That's exactly the point.
If you allow a user to think they over-rode a trip-point
but that trip point never fires unless they enable polling mode,
then they're not going to get what they asked for.

Yes, SuSE enables polling mode by default, but that is just
distro specific "value add" that should eventually be fixed.
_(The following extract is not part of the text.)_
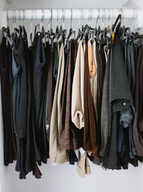 Most importantly, you need somewhere to hang your clothes. This can be demanding in some spaces, though—I argue—not impossible. Tops, dresses, nice pants, and jackets should be hung up to give you an easy visual of your closet. If you can’t see it, you won’t wear it. Trust me.
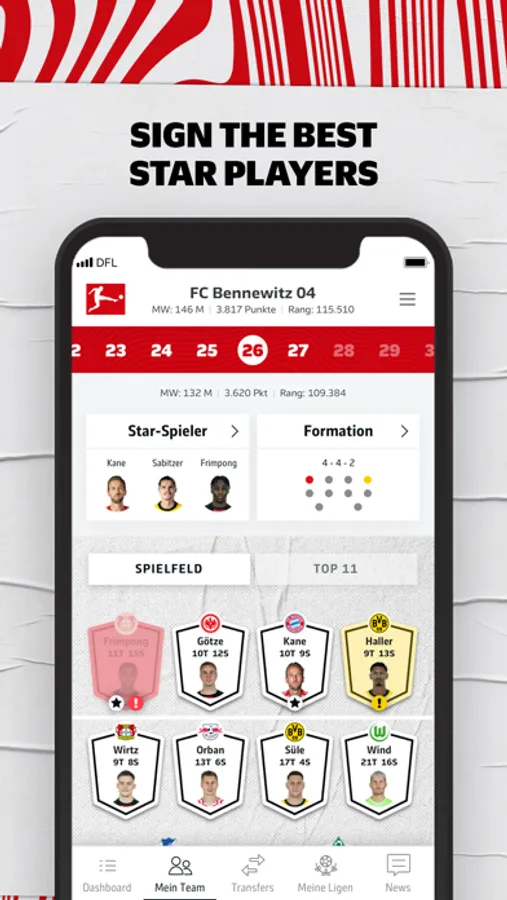 Choose your 15 top players in the Bundesliga regardless of which club they play for and create your fantasy team with a budget of 150 million:

> Slowing cpu down / shutdown / turn the fan on is done in the os after
> all. Should we just start polling temperatures when user writes custom
> trip points? 

I actually agree with you for passively cooled embedded systems.
Indeed, that is the topic of one of my OLS papers.

However, for an off-the-shelf laptop that the vendor ships
with a specific active and passive cooling model, Linux
is not currently set up to ignore what the vendor provided
and go off on its own.  Yes, it could be done, but for
99.99% of cases, I expect it would be a mistake.

> > If there are systems with broken thermals and the
> > ACPI thermal control needs and over-ride to turn
> > on the fan, then that is fine -- but using
> > fake trip-points and giving the user the impression
> > that they are real is not viable.
> 
> They become real when we fake _TSP, too, ..?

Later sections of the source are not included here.